Oggi in prima pagina su Repubblica Adriano Sofri commenta le interpretazioni della morte di Monicelli apparse sui quotidiani di questi giorni.
Mancava qualcosa, alla riforma della scuola, e ora ci siamo: fuori Lucio Anneo Seneca, dentro Paola Binetti. Ieri ha parlato in Senato di Mario Monicelli come di un uomo disperato. Ha accusato: l´hanno lasciato solo, famiglia e amici. “Il suo è un gesto tremendo di solitudine non di libertà”, ha detto. Esistono persone invasate che credono di sapere di che cosa vivano e muoiano gli altri, e giudicano. Ieri in Italia si è litigato e urlato attorno alla morte di un uomo illustre, di 95 anni, malato e lucido. Io non so quali siano stati i pensieri ultimi di Monicelli. Se provo a immaginarlo, esercizio che si fa solo per se stessi, per l´ora della nostra morte, mi figuro che certo non si sia sentito solo e abbandonato, ma che abbia aspettato di essere solo per amore e compassione degli altri.

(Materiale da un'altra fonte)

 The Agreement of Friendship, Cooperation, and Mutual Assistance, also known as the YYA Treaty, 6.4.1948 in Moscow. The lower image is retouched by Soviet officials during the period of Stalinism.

Il presidente di questa repubblica, salutando il suo antico amico, ha chiesto rispetto per il suo commiato, ha detto: “Se n’è andato con una ultima manifestazione della sua forte personalità, un estremo scatto di volontà che bisogna rispettare”. Rispetto, è una parola delicata. La si impiega sempre più spesso come una formula di convenienza: “Con tutto il rispetto…”. Il rispetto vero ha bisogno di simpatia. O vorremo costruire la nostra piccola barricata quotidiana anche attorno a questa serata, pro-life e innamorati della morte? Monicelli si è suicidato: non amava la vita? La vita era stata presso di lui per un tempo eccezionalmente lungo, ora la morte gli era addosso.